I was only doing it for these two trips because I didn’t have a chance to buy any other hardware and set it up and it worked fine last week but I still think it was an indirect connection. I’ll just have to rethink what the best option is. I want to have something that will direct play to my Ultras when on a family vacation This was more of a proof of concept LOL
I am thinking I might just use Kodi on an Android TV Box rather than worry about a client/server scenario. They are cheap enough and I can scrape using kodi at home.
I still use my laptop for work and stuff while watching TV.
There are two TVs I need to serve and can’t do that with a single laptop. Thats why plex would be great since one TV can watch one thing and the other TV another show but I only have to store the files once.
You know… At my cabin, where I don’t have internet… I use Kodi on an Intel Compute Stick with a portable hard drive. Works wonders. I know it’s not very Plex-like. But it does the job. No internet necessary if I do all the scans and such while it’s hooked up at home.
Never used an Intel Compute Stick. Does it play the bigger MKV files just fine? That would work for me. I’d rather only have one source for the file system but I used WDTVs for years with USB sticks but they won’t play HEVC x265 stuff which I am getting more and more of so would need to play that. Do you think the Intel Compute stick would play that?
It’s Kodi on the thing that makes it work… It’s essentially a Windows 10 PC. Everything I throw at it plays fine. Haven’t had one hiccup.

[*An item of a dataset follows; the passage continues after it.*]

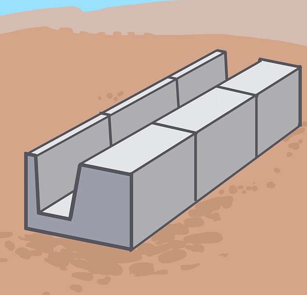 6. Ленточный монолитный армированный фундамент является наиболее распространенным. Глубина заложения, количество стержней арматуры и ее сечение определяют проектом. Рекомендуется применять стальную арматуру.

If you’re talking hotels, it can hop on the internet too, and through various windows apps, it would function similarly to other types of streaming devices. I bought a simple USB PC remote to control the whole thing.
EDIT: I think the one I have is the M3 (CS325) processor version. They have a lower end Atom (CS125), and a higher end M5 (CS525). I got the middle one of what I believe is the second generation. Looks like they might have a new line out now.
EDIT EDIT: One of the rare instances, someone uses Kodi as intended.